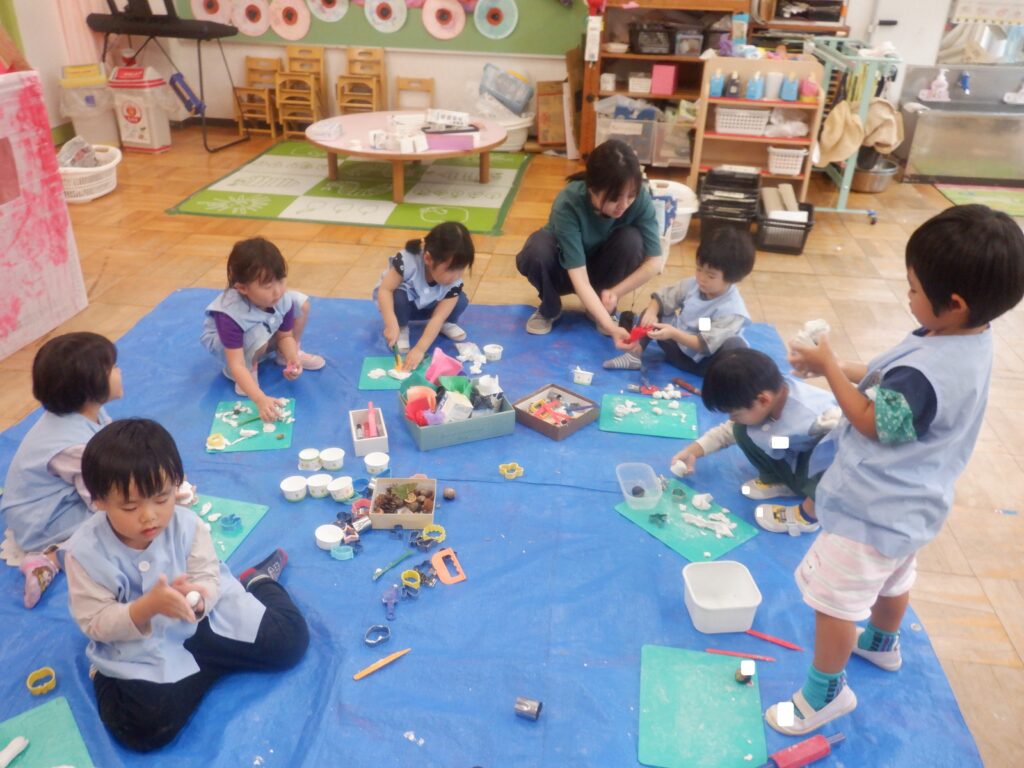 さくら組のお友達は,紙粘土の感触を楽しみながら,お団子やハンバーグなどを作っています。
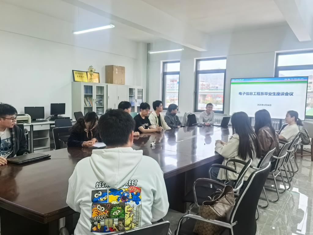 为提高教研室专业建设水平,贯彻“学生中心、产出导向、持续改进”教学理念,提升创新人才培养质量。2025年5月8日下午,电子信息工程系在电力信息大楼A座314室举办2025届毕业生座谈会。系主任李栋主持会议,教师代表侯婷、王艳荣、曹琪等老师,与电子21、通信21毕业班学生代表进行了座谈,毕业生们对20版和23版培养方案培养目标、毕业要求和课程体系等进行了反馈研讨,同时同学们针对大学四年学习生活感想,以及对学院和专业其他方面意见建议等进行了交流。
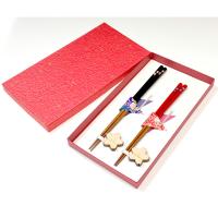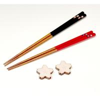 持手部分に桜の花びらのモチーフを施した華やかなお箸と、桜の花をモチーフにした木製のお箸置きのセットです。日常使いに便利な兵左衛門の食洗機対応箸は、箸先に天然素材の漆のみを使用した、口当たり滑らかなすり漆仕上げです。
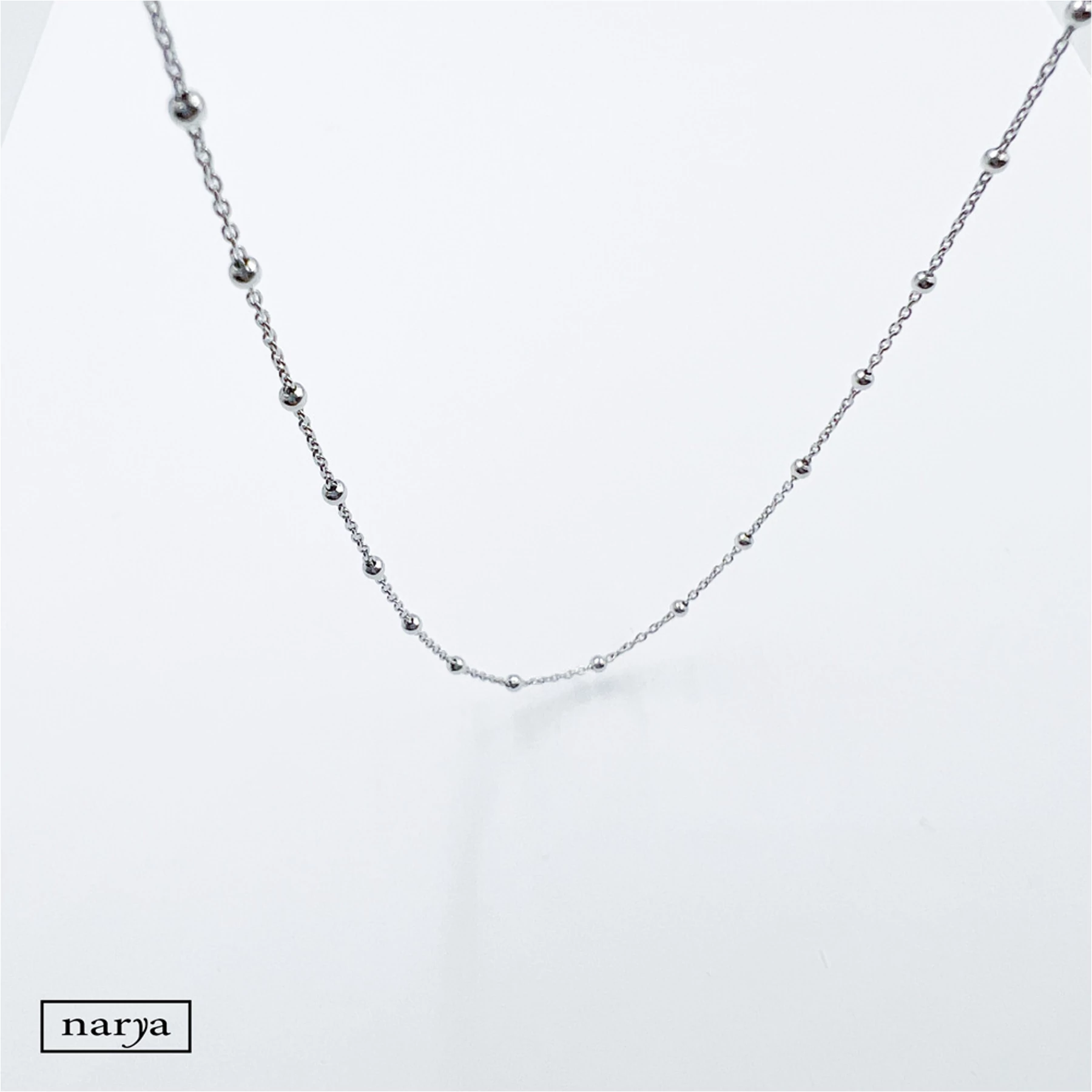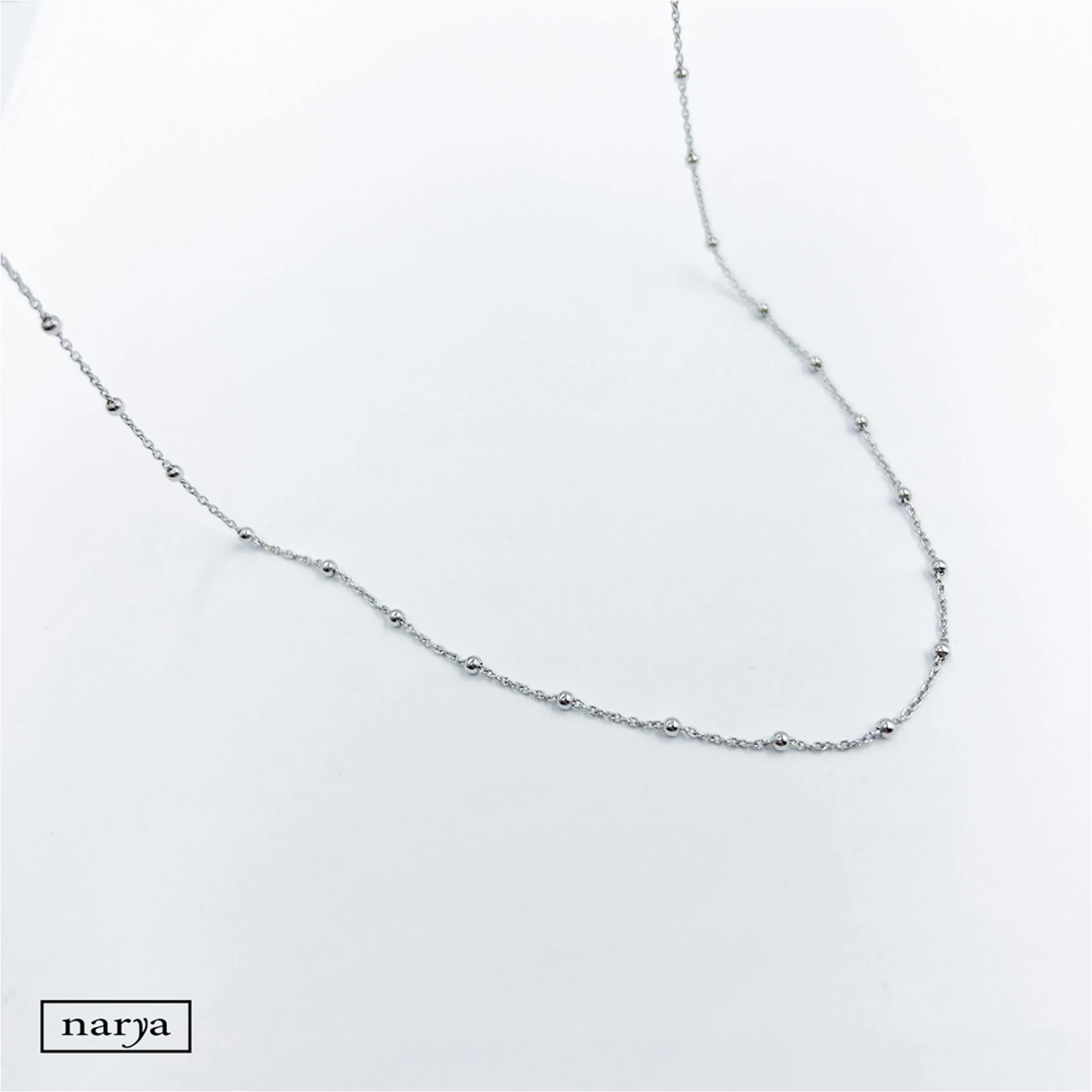Ezüst, állítható hosszúságú, pici bogyókkal díszített, ródiumozott bevonattal ellátott deréklánc. Egy deréklánc tökéletes viselet nyáron a strandon, akár egy nyaraláson, egy fesztiválon és még megannyi eseményen. Könnyű viselet, nem túl feltűnő, igazán egyszerűen kombinálható bármely más ékszerrel.
◆ ◆ ◆ ◆ ◆ ◆ ◆
__Required work__
Copy out the listing above in full and keep the pictures out.

__Output of the exercise__
 さくら組のお友達は,紙粘土の感触を楽しみながら,お団子やハンバーグなどを作っています。
 为提高教研室专业建设水平,贯彻“学生中心、产出导向、持续改进”教学理念,提升创新人才培养质量。2025年5月8日下午,电子信息工程系在电力信息大楼A座314室举办2025届毕业生座谈会。系主任李栋主持会议,教师代表侯婷、王艳荣、曹琪等老师,与电子21、通信21毕业班学生代表进行了座谈,毕业生们对20版和23版培养方案培养目标、毕业要求和课程体系等进行了反馈研讨,同时同学们针对大学四年学习生活感想,以及对学院和专业其他方面意见建议等进行了交流。
 持手部分に桜の花びらのモチーフを施した華やかなお箸と、桜の花をモチーフにした木製のお箸置きのセットです。日常使いに便利な兵左衛門の食洗機対応箸は、箸先に天然素材の漆のみを使用した、口当たり滑らかなすり漆仕上げです。
Ezüst, állítható hosszúságú, pici bogyókkal díszített, ródiumozott bevonattal ellátott deréklánc. Egy deréklánc tökéletes viselet nyáron a strandon, akár egy nyaraláson, egy fesztiválon és még megannyi eseményen. Könnyű viselet, nem túl feltűnő, igazán egyszerűen kombinálható bármely más ékszerrel.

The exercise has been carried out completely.